Pero como los Chicos de Oro de Interior no son demasiado listos, o al menos no lo ha demostrado el abuelo jubileta, estaban confesando el mismo delito de malversación de fondos que la Fiscalía ha perdonado a los golpistas del 9N, pese a existir facturas sobre los gastos de la Generalidad. Si Pino, Castaño, Villarejo o La Brigada del Micro han perpetrado por su cuenta, sin tutela judicial, investigaciones sobre casos ya juzgados, habrían estado malversando a destajo fondos públicos, delito penado con la cárcel.
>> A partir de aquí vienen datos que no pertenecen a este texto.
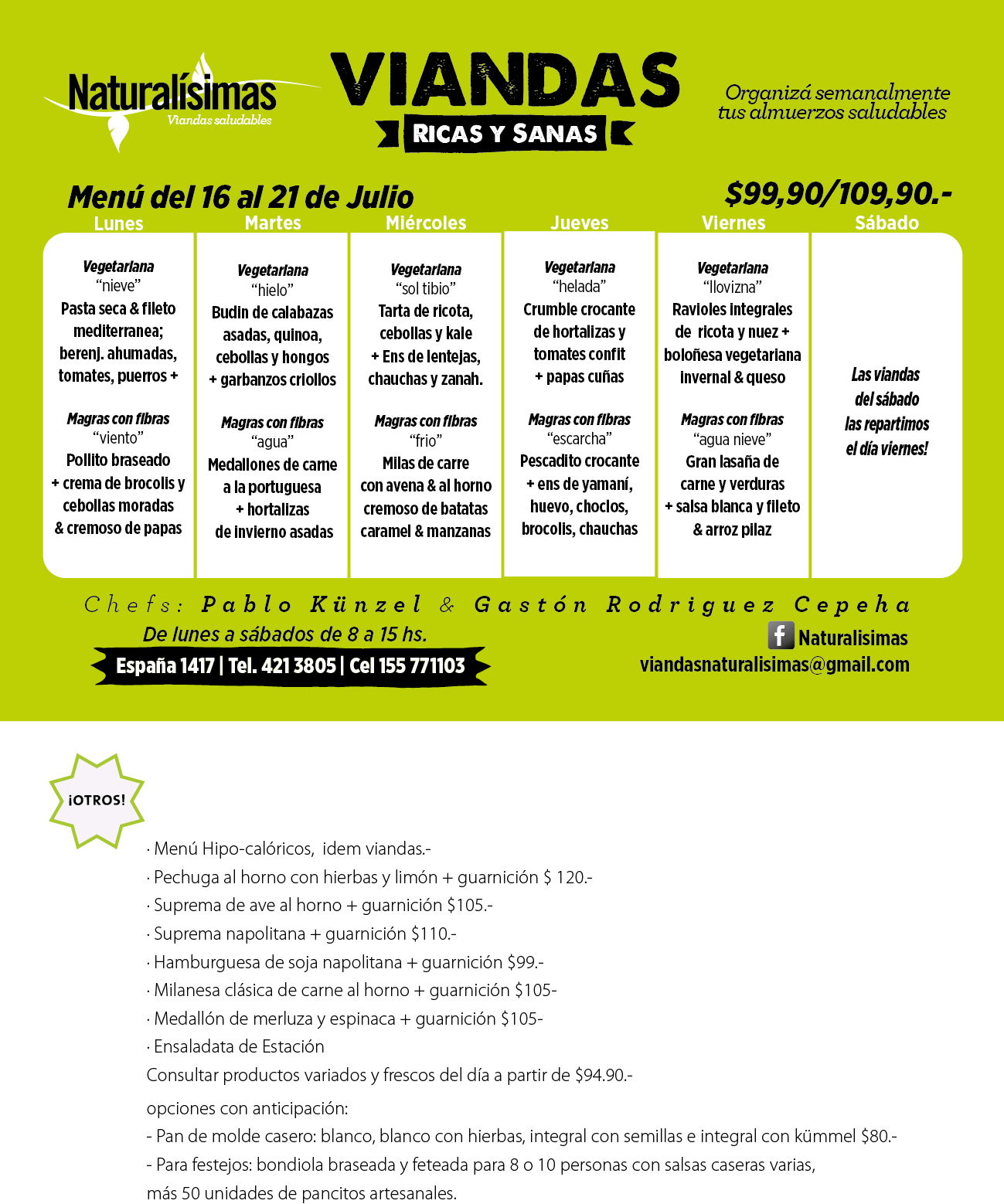 Menú del 16 al 21 de Julio

Al día siguiente -porque las conversaciones en la Cloaca Máxima han durado tres días en el papel, con eco en los otros cuatro medios en la Red do mana información cloaquil y que citamos hace tres domingos- el mayor de los Chicos de Oro trató de enmendar su torpeza, pero era tarde. Al día siguiente, toda la banda, o sea, el abnegado grupo de investigadores de Interior fue asignado a la División de Personal, que en aquellos tiempos del periodismo sin cloacas era enviarte a Documentación: un exilio apenas disimulado, un ostracismo con trienios, la jubilación laboral sin apelación. Como el renombramiento de Cospedal refuerza a Zoido, cabría esperar del Ministerio del Interior la continuidad en la limpia de cloacas, pero nada es seguro con Rajoy. El Previsible, como él mismo se definió, es imprevisible.
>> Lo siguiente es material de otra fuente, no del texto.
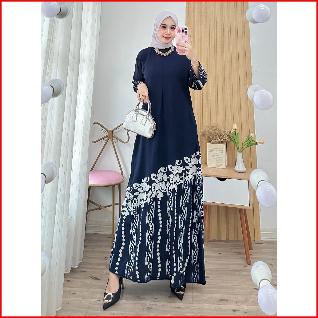 Maxi Dress Batik Cap Batik Cetak Sekdres Rayon Premium Tebal Semi Gamis

En el principio, fue La Cloaca

Por otra parte, ese peculiar aspecto de Mariano, entre viejo y eterno, vagamente intemporal, recuerda de forma inquietante el gran hallazgo de la ciencia, esta misma semana, en materia de Evolución. Sin buscarlo, ha aparecido el más antiguo de los seres vivos, el más elemental, cuya imagen, como en la triple pantalla del “Napoleón” de Abel Gance, podemos colocar entre las de Rajoy e Iglesias para ilustrar la absoluta perplejidad nacional. Lo han llamado Saccorhytus, tenía apenas un milímetro de tamaño y vivió en el mar hace unos 540 millones de años. Pero tiene la pasmosa peculiaridad de que es un ser-cloaca, en el que ano y boca se confunden, lo que le daría un aire entre el batiscafo y el micrófono. Este sería su aspecto:

saccorhytus.jpg

Los investigadores británicos y chinos que en “Nature” han identificado este microfósil nos lo presentan como “el primer ancestro prehistórico”,”el ejemplo más primitivo” de los deuterostomados, una categoría biológica que llega hasta los vertebrados, “el ancestro común de una gran variedad de especies, el primer paso en la evolución que cientos de millones de años más tarde llevó hasta los humanos”.

Para mí que es el primer fósil del Primer Ministerio del Interior.